When Gmail rolled out blue checkmarks last month, the move was framed as an extra level of security, allowing users to easily identify emails from legitimate sources.
However, it seems that some scammers are able to easily spoof accounts, and display the blue checkmark themselves, according to security experts who have raised the alarm. Email threats are nothing new, but this is a new slant that we haven't seen before.
Despite a slow start in taking the threat seriously, Google has now promised to take action, in the shape of a future patch.
Gmail’s New ‘Security’ Feature, BIMI
As the California-based company explained on its Google Workspace Updates blog in May, Google introduced BIMI (Brands Indicator for Message Identification), a system whereby companies could verify their brand identity and logo.
“Users will now see a checkmark icon for senders that have adopted BIMI. This will help users identify messages from legitimate senders versus impersonators,” the company explained in its blog.
It's a move that apes Twitter's checkmark of old, although ironically the legitimacy of Elon Musk's tick has been called into question recently, given the numerous changes it has been through, and the fact that anyone can just buy one these days.
Google's checkmark was hailed as a welcome move that protected both organisations and their admins as well as end users, but it seems that this feature – rolled out fully last month – is open to hackers, according to security experts.
Gmail Checkmark Used by Scammers
The cybersecurity loophole was first noticed by Twitter user and infosec professional Chris Plummer (@chrisplummer), who reported a “bug” (it was actually a scammer impersonating UPS) to Google. However, according to Plummer, Google did not take the threat seriously when he alerted them.

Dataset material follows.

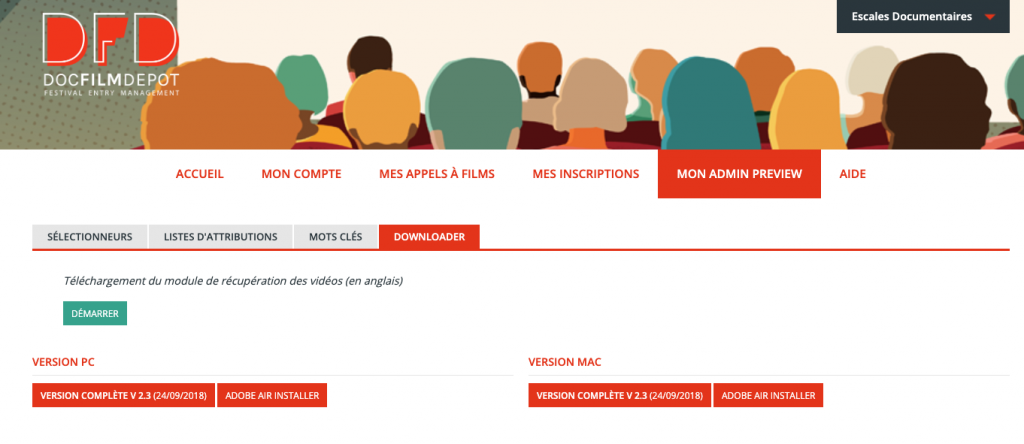 Dans le menu « MON ADMIN PREVIEW », à l’onglet Downloader, vous trouverez des liens vers les fichiers .dmg (Mac) ou .exe (PC) pour installer DocfilmdepotDownloader sur votre ordinateur.

It seems that although the checkmark is intended to identify legitimate businesses, some scammers have been able to spoof company email addresses, and display the checkmark themselves, tricking users into thinking a scam email is the real deal.
Whether this is a bug that needs to be run through the troubleshooting team, or an actual quirk of the BIMI offering, remains unclear. Once Plummer’s tweet was picked up by major news corps and finance and tech blogs, Google finally got wind of it and their generic response to his complaint turned into a fawning thank you reply. The latest update, according to reporting by Fortune, is that Google is making this fix a priority, and will be issuing a patch for it shortly.
Penetration testing and cybersecurity pro Jonathan Rudenburg goes into the detail of how the bug worked in hackers’ favour in the first place – and has this to say about Google’s disastrous new blue check mark: “BIMI is worse than the status quo, as it enables super-powered phishing based on a single misconfiguration in the extremely complicated and fragile stack that is email.”
For now, it’s safe to say that the safest way to interact with Gmail accounts is to not trust anything that comes through with that little blue emblem.
If you're looking for an extra layer of protection when it comes to email, antivirus software is able to spot and isolate potentially dangerous messages and their attachments.